20. The method of claim 19, further comprising analyzing and unifying the resultant separate alphanumeric contents, assigning a reference word to each of the separate alphanumeric content and assigning a numeric code to each reference word.

21. The method of claim 20, further comprising converting the summary file with the separate alphanumeric contents established on the basis of the reference word and/or the numeric code into a two-dimensional alphanumeric code matrix.

22. The method of claim 21, wherein the numeric codes of the two-dimensional alphanumeric code matrix are sorted chronologically and/or as a function of character length.

23. The method of claim 21, wherein similar ones of the numeric codes of the two-dimensional alphanumeric code matrix are grouped by using a similarity operation.

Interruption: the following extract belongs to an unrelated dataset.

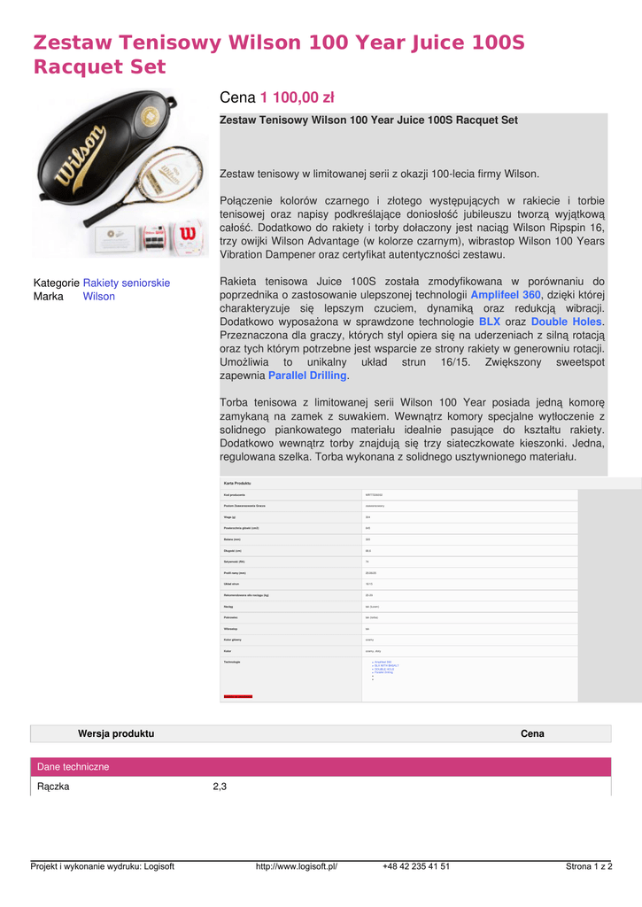 Zestaw Tenisowy Wilson 100 Year Juice 100S Racquet Set Cena 1 100,00 zł Zestaw Tenisowy Wilson 100 Year Juice 100S Racquet Set Zestaw tenisowy w limitowanej serii z okazji 100-lecia firmy Wilson. Połączenie kolorów czarnego i złotego występujących w rakiecie i torbie tenisowej oraz napisy podkreślające doniosłość jubileuszu tworzą wyjątkową całość. Dodatkowo do rakiety i torby dołaczony jest naciąg Wilson Ripspin 16, trzy owijki Wilson Advantage (w kolorze czarnym), wibrastop Wilson 100 Years Vibration Dampener oraz certyfikat autentyczności zestawu. Kategorie Rakiety seniorskie Marka Wilson Rakieta tenisowa Juice 100S została zmodyfikowana w porównaniu do poprzednika o zastosowanie ulepszonej technologii Amplifeel 360, dzięki której charakteryzuje się lepszym czuciem, dynamiką oraz redukcją wibracji. Dodatkowo wyposażona w sprawdzone technologie BLX oraz Double Holes. Przeznaczona dla graczy, których styl opiera się na uderzeniach z silną rotacją oraz tych którym potrzebne jest wsparcie ze strony rakiety w generowniu rotacji. Umożliwia to unikalny układ strun 16/15. Zwiększony sweetspot zapewnia Parallel Drilling. Torba tenisowa z limitowanej serii Wilson 100 Year posiada jedną komorę zamykaną na zamek z suwakiem. Wewnątrz komory specjalne wytłoczenie z solidnego piankowatego materiału idealnie pasujące do kształtu rakiety. Dodatkowo wewnątrz torby znajdują się trzy siateczkowate kieszonki. Jedna, regulowana szelka. Torba wykonana z solidnego usztywnionego materiału. Karta Produktu Kod producenta WRT7226002 Poziom Zaawansowania Gracza zaawansowany Waga (g) 304 Powierzchnia główki (cm2) 645 Balans (mm) 320 Długość (cm) 68,6 Sztywność (RA) 74 Profil ramy (mm) 25/26/25 Układ strun 16/15 Rekomendowana siła naciągu (kg) 25-29 Naciąg tak (luzem) Pokrowiec tak (torba) Wibrastop tak Kolor główny czarny Kolor czarny, złoty Technologie Amplifeel 360 BLX WITH BASALT DOUBLE HOLE Parallel Drilling Rakieta na zamówieni Wersja produktu Cena Dane techniczne Rączka Projekt i wykonanie wydruku: Logisoft 2,3 http://www.logisoft.pl/ +48 42 235 41 51 Strona 1 z 2 Cena dla stałego klienta: 1100 W podobnej cenie Head Graphene XT Speed MP A 2 SZTUKI 1 190,00 zł Head Graphene XT Speed Rev Pro 2 SZTUKI 1 190,00 zł Head Graphene XT Speed Pro 2 SZTUKI 1 190,00 zł Head Graphen XT Speed S 2 SZTUKI 1 090,00 zł Babolat PURE AERO TEAM 2 SZTUKI 1 168,00 zł Babolat Pure Aero LITE 2 SZTUKI 1 098,00 zł Projekt i wykonanie wydruku: Logisoft Powered by TCPDF (www.tcpdf.org) http://www.logisoft.pl/ +48 42 235 41 51 Strona 2 z 2

24. The method of claim 23, wherein the similarity operation is a Levenshtein distance.

25. The method of claim 24, wherein when the numeric code being considered has a Levenshtein distance of zero to one of the groups, said numeric code being considered is assigned to said one of the groups.

26. The method of claim 24, wherein when the numeric code being considered has a Levenshtein distance of one to one of the groups, and when the numeric code being considered differs by only one digit from the one of the groups, said numeric code being considered is assigned to said one of the groups.

27. The method of claim 24, wherein a new numeric code being considered is compared to non-grouped numeric codes of a same length or to non-grouped numeric codes having a greater length of a maximum of one character.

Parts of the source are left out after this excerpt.